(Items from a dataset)
=== Begin Enclosure ===
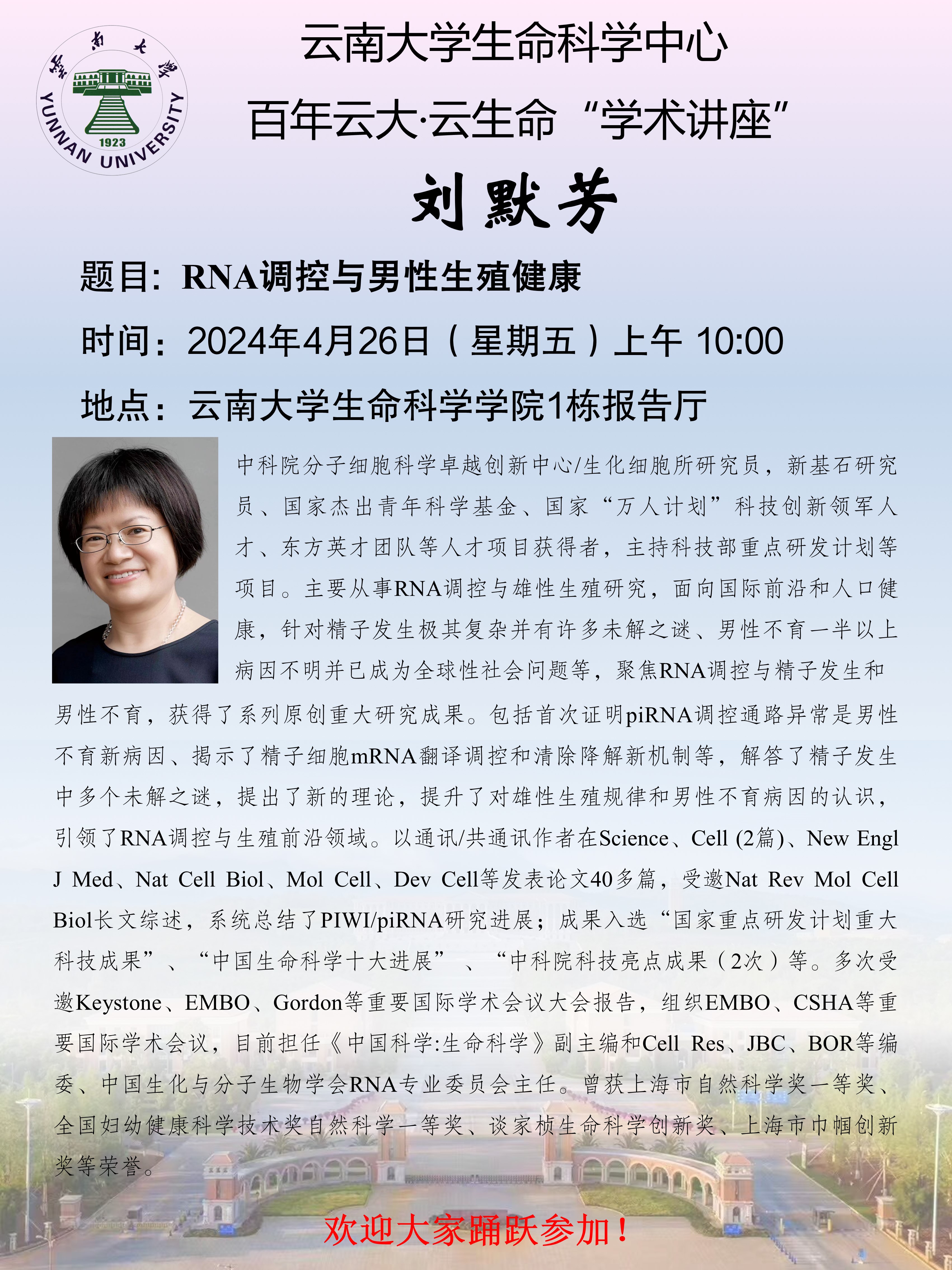 栏目导航 导航 栏目导航 首页 关于我们 太阳成集团tyc122ccvip简介 党政工团 行政办公 新闻通知 太阳成集团tyc122ccvip新闻 通知公告 团队队伍 细胞生物学 生物化学与分子生物学 遗传学 微生物学 生物信息学 进化生物学 当前位置: 首页>>讲座信息>>学术讲座>>正文 RNA调控与男性生殖健康 发布时间: 2024年04月17日 09:41 阅读次数:
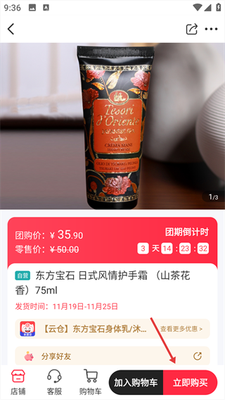 3、在商品详情页,点击底部“立即购买”按钮。
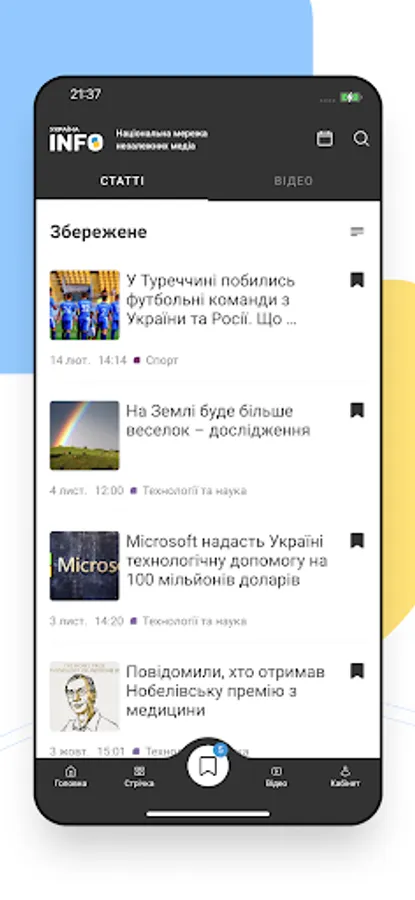 The application is very easy to use. You can view information as a guest, or create an account and personalize feed settings, notifications about publications that match your interests; like or add the article to favorites.
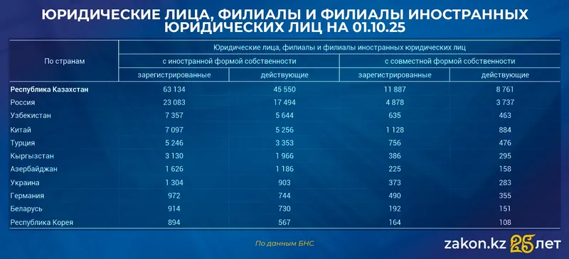 Общий приток иностранных компаний, по данным БНС АСПиР РК, в 2025 году замедлился: прирост числа юридических лиц с полной иностранной собственностью составил 6,6%, что ниже показателя предыдущего года (7,4%).
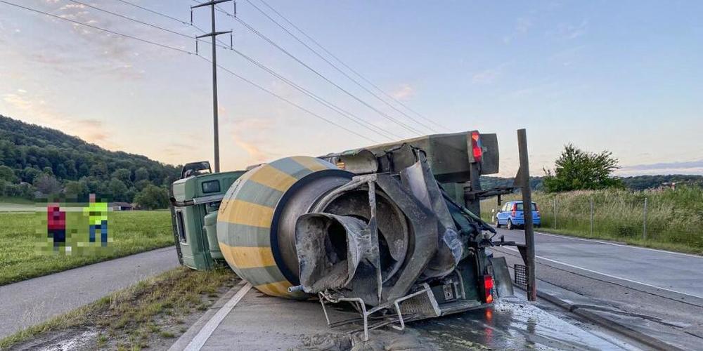 Der 34-jährige Lenker des Fahrmischers war kurz nach 5 Uhr von Eglisau in Richtung Rorbas unterwegs. Weshalb sein Gefährt nach links kippte, ist noch unbekannt. Der Fahrer verletzte sich dabei leicht und musste ins Spital gefahren werden, wie die Kantonspolizei Zürich mitteilte.
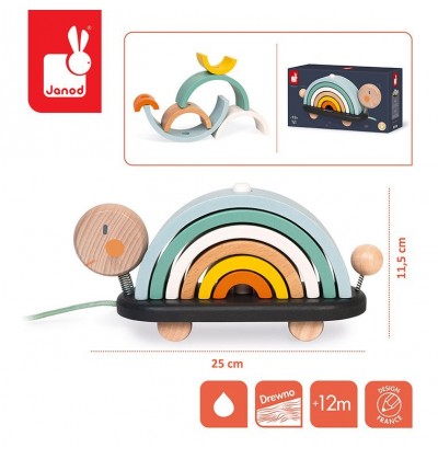 Drewniany żółwik do ciągnięcia z kolekcji Sweet Cocoon francuskiej marki JANOD będzie świetnym towarzyszem pierwszych kroków dziecka. Jest estetycznie wykonany, a jego skorupa składa się z 6 elementów - łuków o różnym promieniu, które nałożone na siebie tworzą tęczę, a osobno nadają się do tworzenia różnorodnych konstrukcji. Zabawka ma piękną, jakby „dorosłą” kolorystykę, m.in. jasnego drewna, szarości, niebieskiego, zielonego czy pomarańczu. Uroku dodaje żółwikowi głowa i okrągły ogonek na sprężynce, uśmiech i zaróżowione policzki. Można go ciągnąć na sznurku, a rozstaw kół zapewnia zabawce stabilność. Kółka są wykończone gumą, dzięki czemu nie rysują podłogi w domu.
=== End Enclosure ===
◆ WHAT IS NEEDED: Leaving out the pictures, output each line above exactly as it is.

◆ COMPLETED TASK:
 栏目导航 导航 栏目导航 首页 关于我们 太阳成集团tyc122ccvip简介 党政工团 行政办公 新闻通知 太阳成集团tyc122ccvip新闻 通知公告 团队队伍 细胞生物学 生物化学与分子生物学 遗传学 微生物学 生物信息学 进化生物学 当前位置: 首页>>讲座信息>>学术讲座>>正文 RNA调控与男性生殖健康 发布时间: 2024年04月17日 09:41 阅读次数:
 3、在商品详情页,点击底部“立即购买”按钮。
 The application is very easy to use. You can view information as a guest, or create an account and personalize feed settings, notifications about publications that match your interests; like or add the article to favorites.
 Общий приток иностранных компаний, по данным БНС АСПиР РК, в 2025 году замедлился: прирост числа юридических лиц с полной иностранной собственностью составил 6,6%, что ниже показателя предыдущего года (7,4%).
 Der 34-jährige Lenker des Fahrmischers war kurz nach 5 Uhr von Eglisau in Richtung Rorbas unterwegs. Weshalb sein Gefährt nach links kippte, ist noch unbekannt. Der Fahrer verletzte sich dabei leicht und musste ins Spital gefahren werden, wie die Kantonspolizei Zürich mitteilte.
 Drewniany żółwik do ciągnięcia z kolekcji Sweet Cocoon francuskiej marki JANOD będzie świetnym towarzyszem pierwszych kroków dziecka. Jest estetycznie wykonany, a jego skorupa składa się z 6 elementów - łuków o różnym promieniu, które nałożone na siebie tworzą tęczę, a osobno nadają się do tworzenia różnorodnych konstrukcji. Zabawka ma piękną, jakby „dorosłą” kolorystykę, m.in. jasnego drewna, szarości, niebieskiego, zielonego czy pomarańczu. Uroku dodaje żółwikowi głowa i okrągły ogonek na sprężynce, uśmiech i zaróżowione policzki. Można go ciągnąć na sznurku, a rozstaw kół zapewnia zabawce stabilność. Kółka są wykończone gumą, dzięki czemu nie rysują podłogi w domu.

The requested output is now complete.